The Highlighter

Written for a school assignment.

The pink highlighter sat in the jar. It wasn’t sure if today was a happy day or not. It wasn’t sure about a lot anymore. It wanted, some days, to be used, dragged across the paper leaving a bright pink trail behind. Some days it also didn’t want to be used because, it knew, eventually it would run out of ink and then be thrown away. The highlighter was curious about what happened when it got thrown away but it didn’t want to find out for itself what happened. It was happy enough in the little house, it sat in the jar and occasionally would get used to highlight Tuesday or Wednesday on the calender that hung on the wall. It was always a bittersweet moment for the highlighter, it loved the feeling of being useful and having a a purpose but it knew that every little bit it was used meant that much closer to running dry of ink. It sometimes wished that it had been a  double size highlighter, so it would have had a longer life. It was happy, it supposed. It liked being highlighter and not a pen. Pens had a much shorter lifespan than highlighters, especially since not as many people used highlighters these days.

It wondered sometimes about the other things in the jar beside it, a blue pen, two black ones, a pencil that had no eraser, a few more pencils that never got used because the lead always fell out. It couldn’t talk to the other things but it was aware that they were there and knew about them in a way. It wished it could talk to them, ask them what they thought about getting used up, if it was better to be used all the time or to just sit quietly in the jar. The highlighter spent most of it’s time worrying about this. It had been bought from a dollar store ten years ago and back then it hadn’t worried about running out of ink. It had highlighted many things, never wondering if the pink flow would stop, assuming it would just keep coming.

It was invincible.

After a  few years it could feel that it was running out of ink.
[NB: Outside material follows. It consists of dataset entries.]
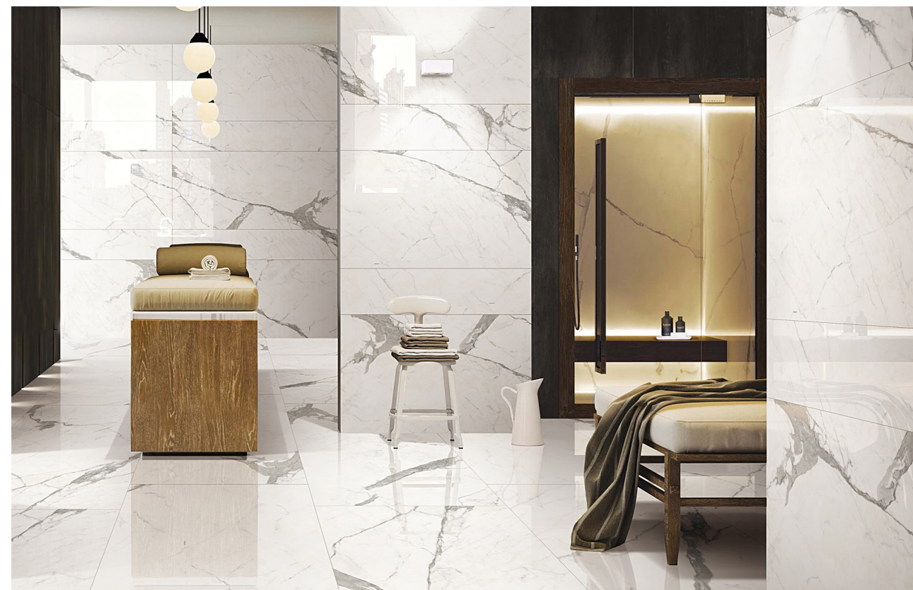
B62M0333-10 Polished 600x1200x10.7mm 24"x48"
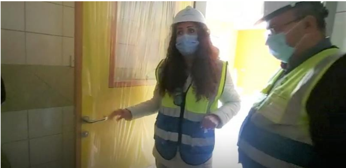
(Figure: 22 & 23)

The team inspected the prepared wooden door sample and requested the Contractor to modify the location of the door lock and handle not to merge into the beech wood door frame
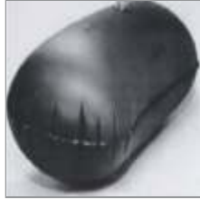
Rubber Air Cell
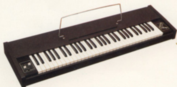
PIANO 300 (N.3219)

Clavier 49 touches pour effets spéciaux de: Violino, Viola, Violoncello, Contrabasso. Registrations: Violino 4', Viola 8', Trumpet, Horn. Cet instrument peut être utilisé par connection avec un amplificateur extérieur ou avec l'ampli d'un orgue.
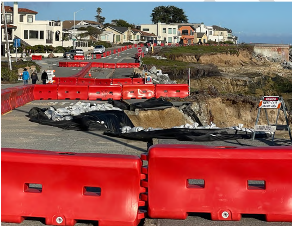
Figure 2: Major erosion from a large storm caused West Cliff Drive in Santa Cruz to close to traffic.

Waterways and the coast are major economic drivers in the state, generating billions of dollars in local and state tax revenues, and supporting hundreds of thousands of direct jobs and millions of associated employment opportunities. The direct ocean economy alone employed nearly 600,000 people in 2019, with 445,000 of those jobs coming from the tourism and recreation industry (National Ocean Economics Program, 2022). The direct ocean economy, which is supported by much of the infrastructure located on state lands, contributed over $51 billion to the state's Gross Domestic Product in 2019. These critical jobs and economic assets are at risk from flooding and other climate change impacts that will reduce the area of shorelines and damage or destroy critical infrastructure 26 , private property, and public amenities.
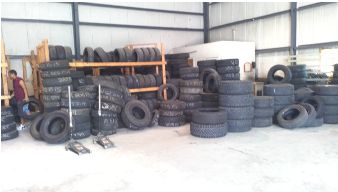
East Side Of Building
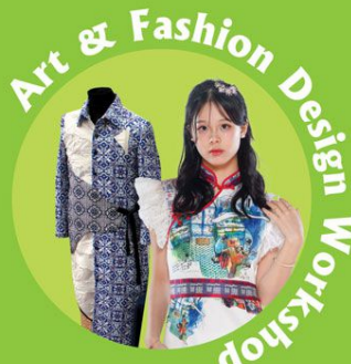
Art & Fashion Design Workshop

After this point it started to hide, stayed in the back of the jar, let the hands get a pen or a pencil, not the highlighter. Occasionally it would be grabbed despite its efforts and dragged across files, the hands cruelly using more than they needed, leaving great smears of pinkish ink all over the word they intended to highlight. The highlighter wished it could talk, could ask the hands to be careful and only use a little bit. It would still get the rush of highlighting something but without the inevitable ending of being thrown out.

The highlighter didn’t think it would ever figure this out. It wasn’t sure if it wanted to sometimes. It wondered if other highlighters felt like this. It wished it had answers to all it’s questions. It wished it wasn’t so confused.